We had to order some special supplies, though. I guess we couldn’t have expected the Workroom to have 2,000 balloons and 400 noisemakers….
Caitlin, Laura, and I are each in charge of one section of Sound Collective. We’ll also be working together on a fourth section, which is where the balloons and noisemakers will come into play. My section is a giant xylophone! Oddly enough, the college had a bunch of unused bamboo in a basement on campus (perhaps from last year’s PGA…?). David picked up a lovely rainbow of paint, and we got to work brightening up the bamboo.
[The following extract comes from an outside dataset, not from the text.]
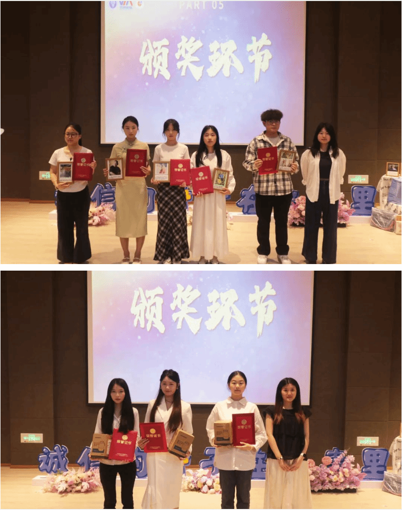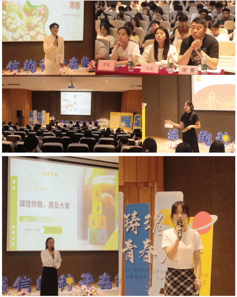 演讲比赛中,淬炼商学院王思琪勇夺桂冠,艺术传媒学院朱华丽、通信与信息工程学院娄家懿荣获二等奖,淬炼商学院古雯靖、外国语学院李海燕、智能工程学院徐上荣分别荣获三等奖。选手们立足校园生活,用真挚讲述展现诚信魅力。
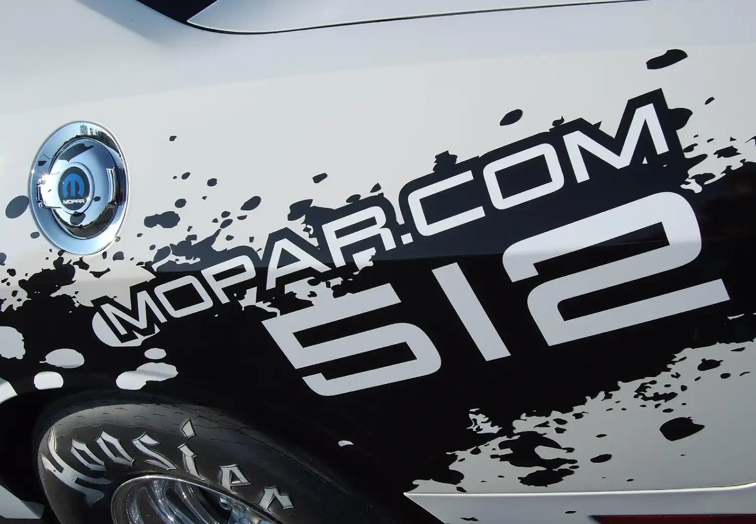 Mopar offers three options with this vehicle. First, the Competition Package includes an eight-point roll cage, six-point safety harness and a mesh window net (MSRP: $7,950, part number P5155820). Second, a Mopar logo body wrap (MSRP: $950, part number P5155892) and a range of body colors (MSRP: $6,800, part number P5155893). With the Competition Package, the car is ready to go down the drag strip.

Once dried, Chris and his student workers graciously constructed the xylophone for us with a couple of 2×4′s and some nails.

Caitlin’s section is a jingle bell tunnel! That’s 600 jingle bells, people.

She got pretty creative with a dryer vent and some scissors.

Here, Caitlin and Laura work feverishly to tie all those little jingle bells to the wire skeleton of the dryer vent, using flashy strings of tinsel.

Oh, to be a golf ball sliding down this whimsical tunnel…

Laura’s section has been dubbed the tambo-ring of fire. It involves lots of handmade tambourines (using painted embroidery hoops and colorful pipe cleaners), a hula hoop, and a ramp.

Brian is a masterful tambourine maker.

And did I mention that the hula hoop lights up? You don’t wanna miss this, folks. Come and join the fun on Friday, May 4th. We’ll be at 1104 S Wabash (Chicago, IL) from 1pm to 7pm. Make some noise with us!